■ Source material:
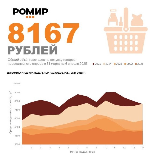 8167 рублей потратила в среднем на продукты питания и товары повседневного спроса среднестатистическая российская семья на неделе с 31 марта по 6 апреля, что на 364 рубля (4.5%) меньше, чем неделей ранее. Относительно аналогичной недели прошлого года объем недельных расходов также снизился на 19 руб. или на 0.2%. Вместо больших покупок с запасом, семьи переходят к более частым, но меньшим по объему посещениям магазинов. Это позволяет лучше контролировать расходы и избегать импульсивных приобретений. #индекснедельныхрасходов #индекспокупательскойактивности @m_romir
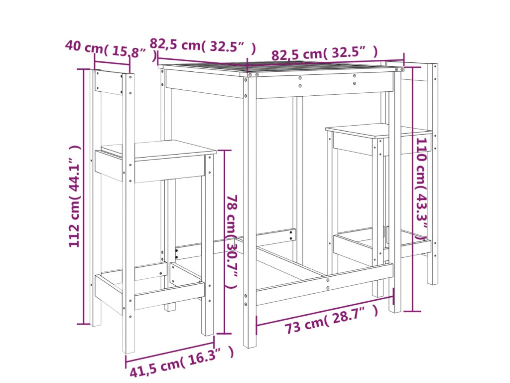 - Rozměry barového stolu: 82,5 x 82,5 x 110 cm (Š x H x V)
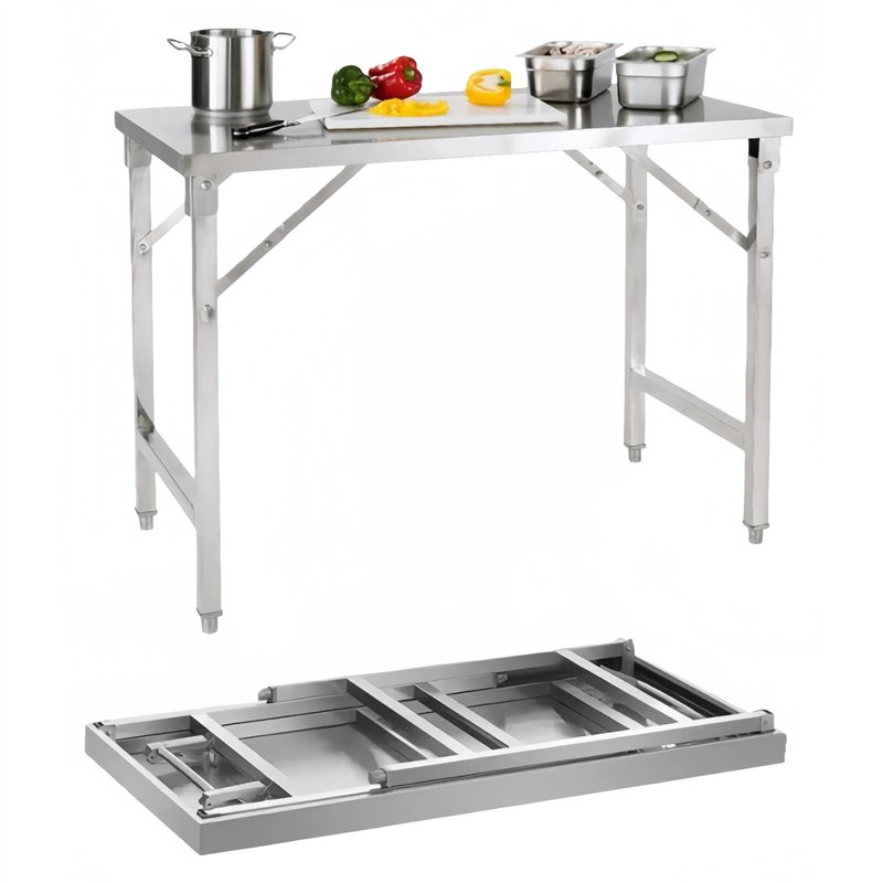 The DA-JSN258's easy-fold mechanism allows for quick setup and compact transport, making it ideal for temporary workstations, prep areas, buffets, mobile catering events, and small kitchens. The smooth stainless steel surface is easy to clean and suitable for food preparation, utensil handling, and general kitchen work. Despite its foldable structure, the table offers a strong load-bearing capacity, making it reliable for daily professional use. This makes it an excellent choice for any commercial catering environment.

■ Try it:
Write out the material above again, word for word, minus its pictures.

■ Response area:
 8167 рублей потратила в среднем на продукты питания и товары повседневного спроса среднестатистическая российская семья на неделе с 31 марта по 6 апреля, что на 364 рубля (4.5%) меньше, чем неделей ранее. Относительно аналогичной недели прошлого года объем недельных расходов также снизился на 19 руб. или на 0.2%. Вместо больших покупок с запасом, семьи переходят к более частым, но меньшим по объему посещениям магазинов. Это позволяет лучше контролировать расходы и избегать импульсивных приобретений. #индекснедельныхрасходов #индекспокупательскойактивности @m_romir
 - Rozměry barového stolu: 82,5 x 82,5 x 110 cm (Š x H x V)
 The DA-JSN258's easy-fold mechanism allows for quick setup and compact transport, making it ideal for temporary workstations, prep areas, buffets, mobile catering events, and small kitchens. The smooth stainless steel surface is easy to clean and suitable for food preparation, utensil handling, and general kitchen work. Despite its foldable structure, the table offers a strong load-bearing capacity, making it reliable for daily professional use. This makes it an excellent choice for any commercial catering environment.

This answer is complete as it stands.